* What is required *
Please, without the pictures, restate every entry exactly.

### Task inputs

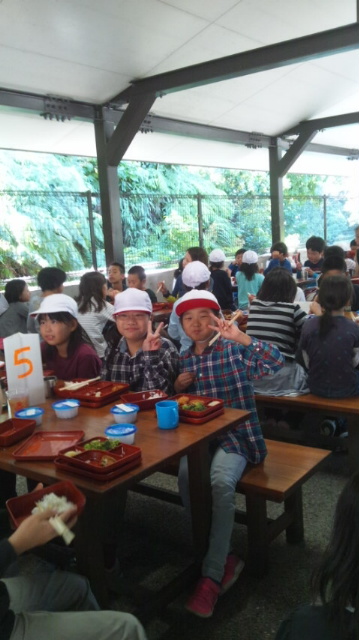 海が見える野外炊事場で食事です。美味しさいっぱいです
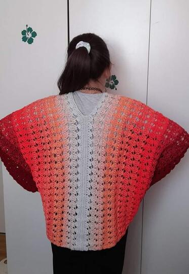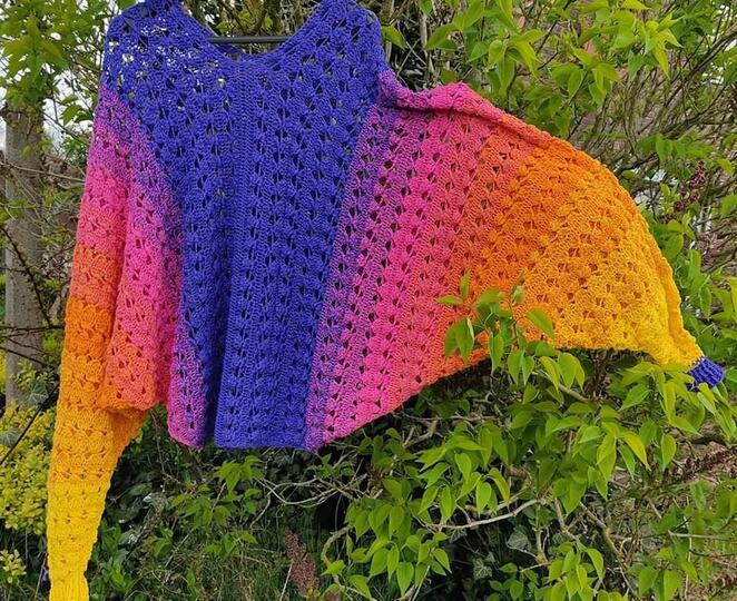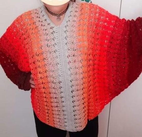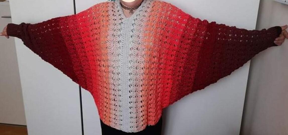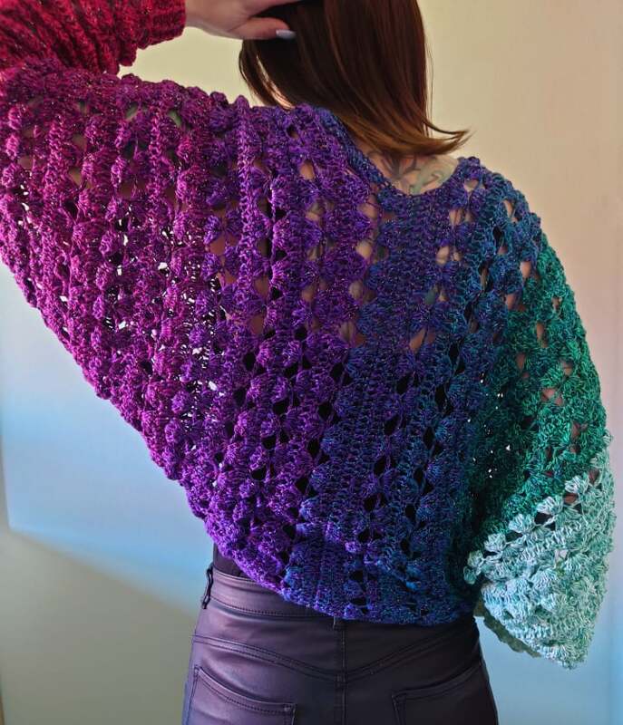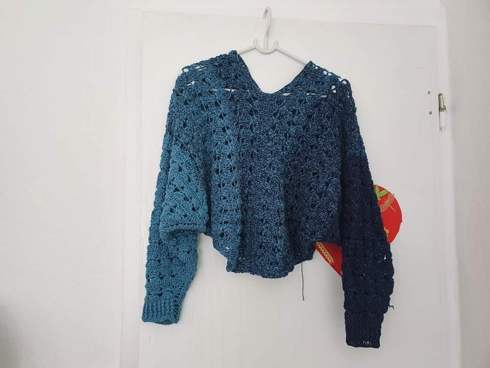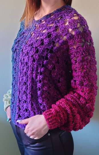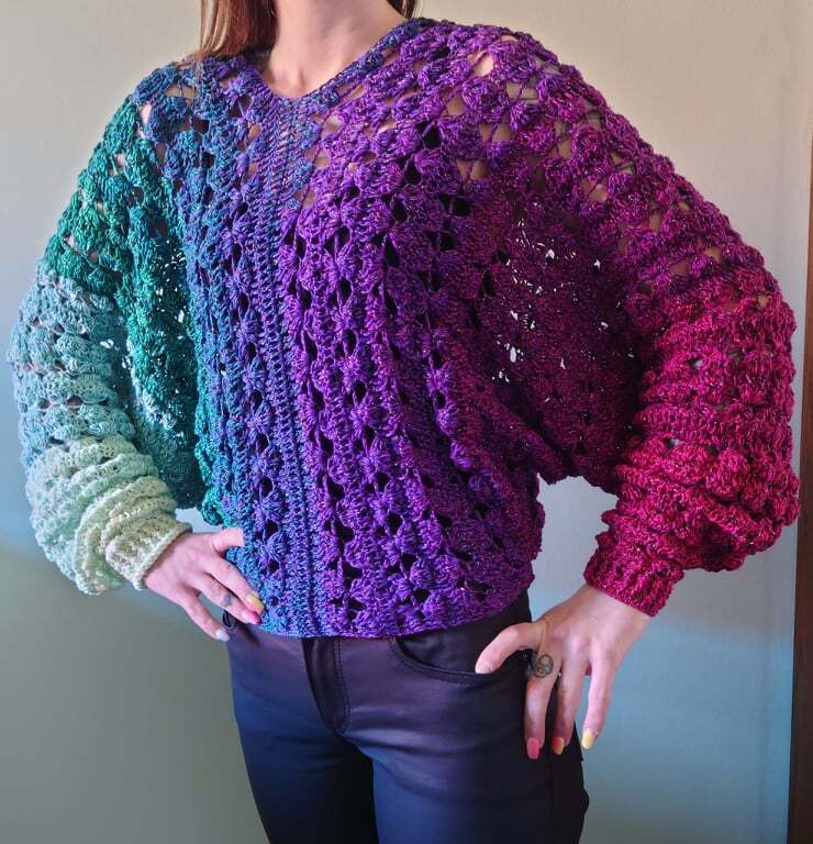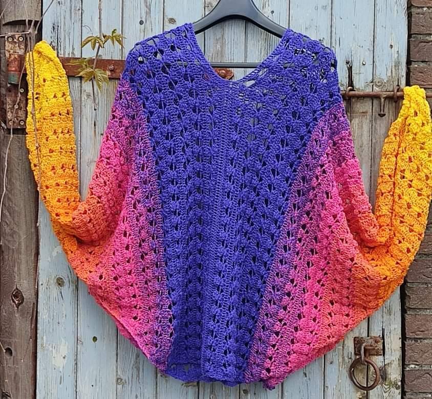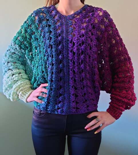 Der Pullover Sabia ist ein hübscher Pullover mit Fledermausärmeln. Er wird komplett an einem Stück gehäkelt. Auch die Ärmel werden direkt mit gehäkelt, weshalb der Pullover super für Farbverlaufsgarn geeignet ist, weil keine seperaten Ärmel-Bobbel benötigt werden.
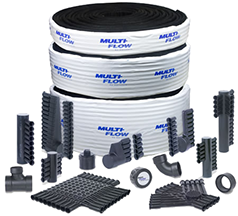 Multi-Flow is a closed core geocomposite drain made from HDPE. The flow channels are corrugated for strength, perforated for rapid infiltration, and interconnected for redundancy and performance. The resulting product is strong, lightweight, flexible and an excellent conduit for fluids and gases. It’s rounded shape eliminates sharp edges, making it easy on liners.
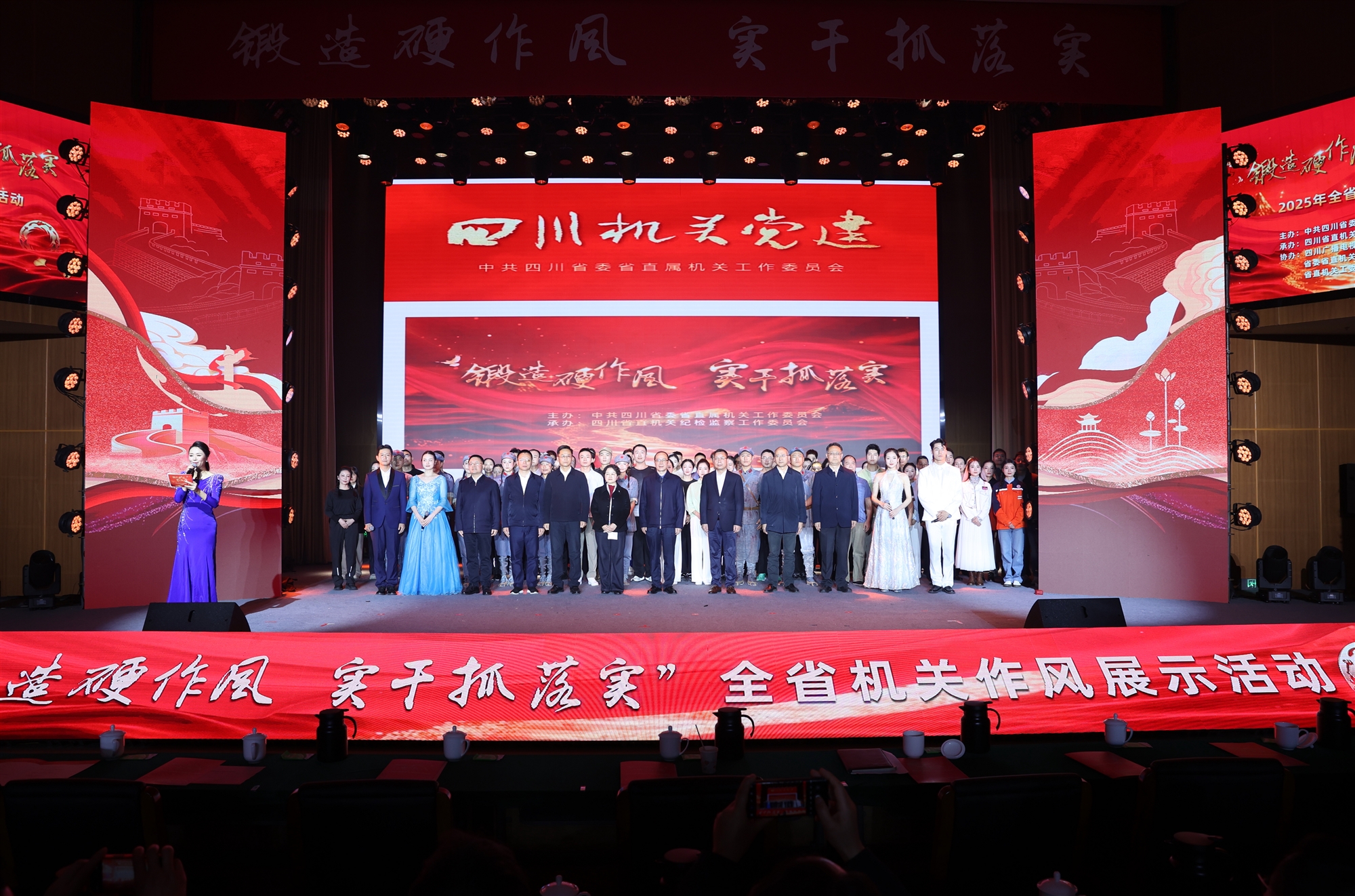 此次機(jī)關(guān)作風(fēng)展示活動(dòng),既是對(duì)全省機(jī)關(guān)作風(fēng)建設(shè)成果的一次全面檢閱,更是對(duì)持續(xù)深化作風(fēng)建設(shè)的再動(dòng)員、再部署?;顒?dòng)以藝術(shù)化的呈現(xiàn)方式傳遞實(shí)干導(dǎo)向,以沉浸式的體驗(yàn)?zāi)蹔^進(jìn)力量,激勵(lì)全省機(jī)關(guān)黨員干部始終發(fā)揚(yáng)自我革命精神,以釘釘子精神持續(xù)鞏固拓展作風(fēng)建設(shè)成效。觀演的機(jī)關(guān)黨員干部紛紛表示,將以此次活動(dòng)為契機(jī),進(jìn)一步鍛造硬作風(fēng)、實(shí)干抓落實(shí),把作風(fēng)建設(shè)成效轉(zhuǎn)化為推動(dòng)工作的強(qiáng)大動(dòng)力,凝心聚力推動(dòng)新時(shí)代新征程治蜀興川各項(xiàng)事業(yè)邁上新臺(tái)階,為奮力譜寫中國式現(xiàn)代化四川新篇章提供堅(jiān)強(qiáng)保障。
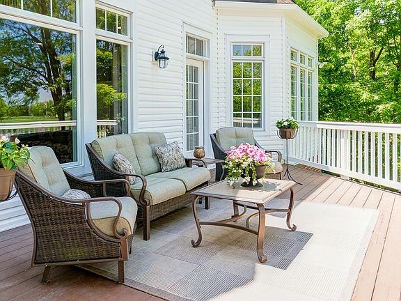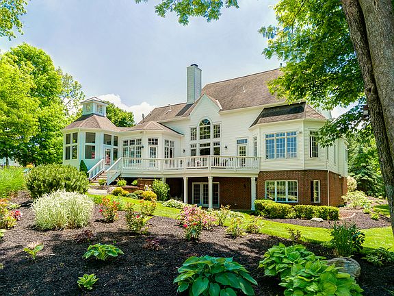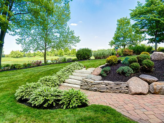 LOCATED ON THE LAKES GOLF AND COUNTRY CLUB'S 18TH HOLE...Sitting on over an acre with mature trees and awesome views of the golf course, this stunning estate home invites you in with an open living floor plan featuring soaring ceilings and tons of natural light. The 2-story great room and large formal dining room are perfect for a tournament party or a large family holiday get together. The spacious kitchen/hearth room wing includes island seating, full breakfast dining and sitting area that opens to the 2-tiered outside living's deck and patio or the attached 3 season gazebo. Privacy abounds with a spacious 1st floor owner's suite, 2 bedrooms and loft upstairs and a 3rd bedroom, full bath, family room, study and workout room in the walkout lower level. 5 car garage capacity!!!

######

* Answer to this exercise *
 海が見える野外炊事場で食事です。美味しさいっぱいです
 Der Pullover Sabia ist ein hübscher Pullover mit Fledermausärmeln. Er wird komplett an einem Stück gehäkelt. Auch die Ärmel werden direkt mit gehäkelt, weshalb der Pullover super für Farbverlaufsgarn geeignet ist, weil keine seperaten Ärmel-Bobbel benötigt werden.
 Multi-Flow is a closed core geocomposite drain made from HDPE. The flow channels are corrugated for strength, perforated for rapid infiltration, and interconnected for redundancy and performance. The resulting product is strong, lightweight, flexible and an excellent conduit for fluids and gases. It’s rounded shape eliminates sharp edges, making it easy on liners.
 此次機(jī)關(guān)作風(fēng)展示活動(dòng),既是對(duì)全省機(jī)關(guān)作風(fēng)建設(shè)成果的一次全面檢閱,更是對(duì)持續(xù)深化作風(fēng)建設(shè)的再動(dòng)員、再部署?;顒?dòng)以藝術(shù)化的呈現(xiàn)方式傳遞實(shí)干導(dǎo)向,以沉浸式的體驗(yàn)?zāi)蹔^進(jìn)力量,激勵(lì)全省機(jī)關(guān)黨員干部始終發(fā)揚(yáng)自我革命精神,以釘釘子精神持續(xù)鞏固拓展作風(fēng)建設(shè)成效。觀演的機(jī)關(guān)黨員干部紛紛表示,將以此次活動(dòng)為契機(jī),進(jìn)一步鍛造硬作風(fēng)、實(shí)干抓落實(shí),把作風(fēng)建設(shè)成效轉(zhuǎn)化為推動(dòng)工作的強(qiáng)大動(dòng)力,凝心聚力推動(dòng)新時(shí)代新征程治蜀興川各項(xiàng)事業(yè)邁上新臺(tái)階,為奮力譜寫中國式現(xiàn)代化四川新篇章提供堅(jiān)強(qiáng)保障。
 LOCATED ON THE LAKES GOLF AND COUNTRY CLUB'S 18TH HOLE...Sitting on over an acre with mature trees and awesome views of the golf course, this stunning estate home invites you in with an open living floor plan featuring soaring ceilings and tons of natural light. The 2-story great room and large formal dining room are perfect for a tournament party or a large family holiday get together. The spacious kitchen/hearth room wing includes island seating, full breakfast dining and sitting area that opens to the 2-tiered outside living's deck and patio or the attached 3 season gazebo. Privacy abounds with a spacious 1st floor owner's suite, 2 bedrooms and loft upstairs and a 3rd bedroom, full bath, family room, study and workout room in the walkout lower level. 5 car garage capacity!!!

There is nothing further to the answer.